No debe la Iglesia local encargada de preparar el encuentro aprovechar la ocasión para dar rienda suelta a la creatividad de alguno de los suyos, introduciendo, por ejemplo, el aludido caso de la joven danzando ante el Santísimo. Es verdad que en algunos lugares, en ocasiones especialmente solemnes, hay tradición de bailar ante la Eucaristía, como el baile de los Seises en Sevilla y en otras Iglesias. Pero se trata siempre de bailes elegantes y sobrios, con formas tradicionales establecidas, y que no dan ocasión al lucimiento individual de ningún danzante.
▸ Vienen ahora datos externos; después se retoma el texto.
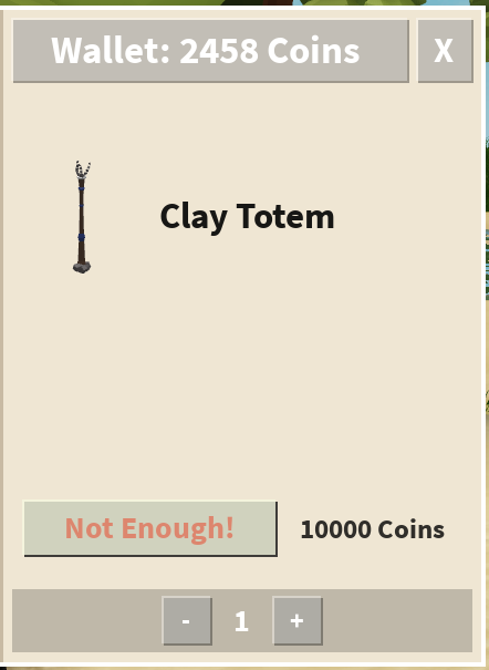두번째는 철 토템이다 가격차이가 꽤 심한편이다(돌은 2원이고 철주괴는 6원이다)
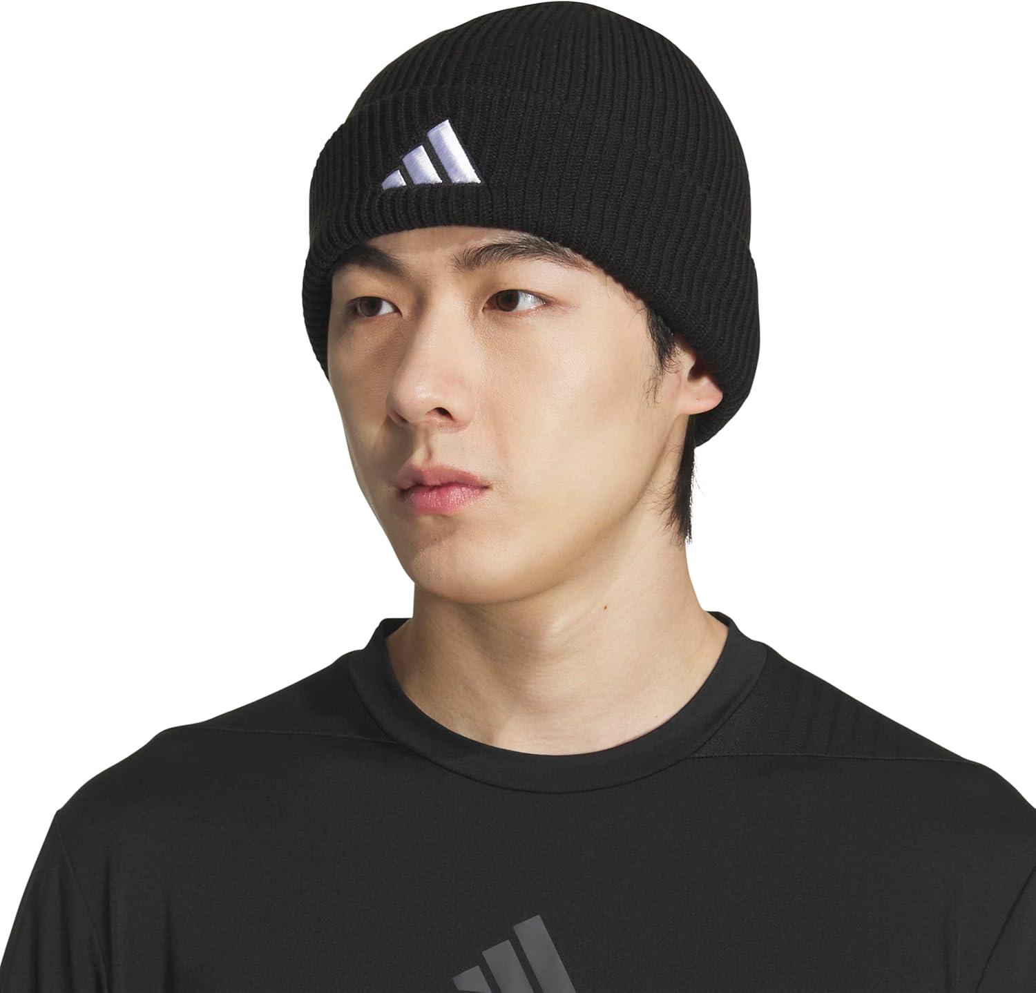 adidas Men’s Team Issue Beanie, Standard Fit Cuffed Acrylic Knit Hat/Cap for Winter(Black/White/2.0)

Los macro-encuentros cristianos internacionales son mucho más lugar de tradición que de creatividad. Así lo entienden, por ejemplo, en el santuario de Lourdes. Ciertas oraciones principales convendrá rezarlas en latín, reafirmando la universalidad de la Iglesia católica en todas las naciones y lenguas. Los cantos, concretamente, deben dar prioridad a piezas gregorianas o a canciones populares tan universales que pueden ser cantadas por la mayoría de los presentes al acto, cada uno en su lengua. Y convendrá quizá añadir alguna –unas pocas– canciones compuestas expresamente para el macro-evento. Pero que éstas prevalezcan sobre las otras es un grueso error de la comisión organizadora.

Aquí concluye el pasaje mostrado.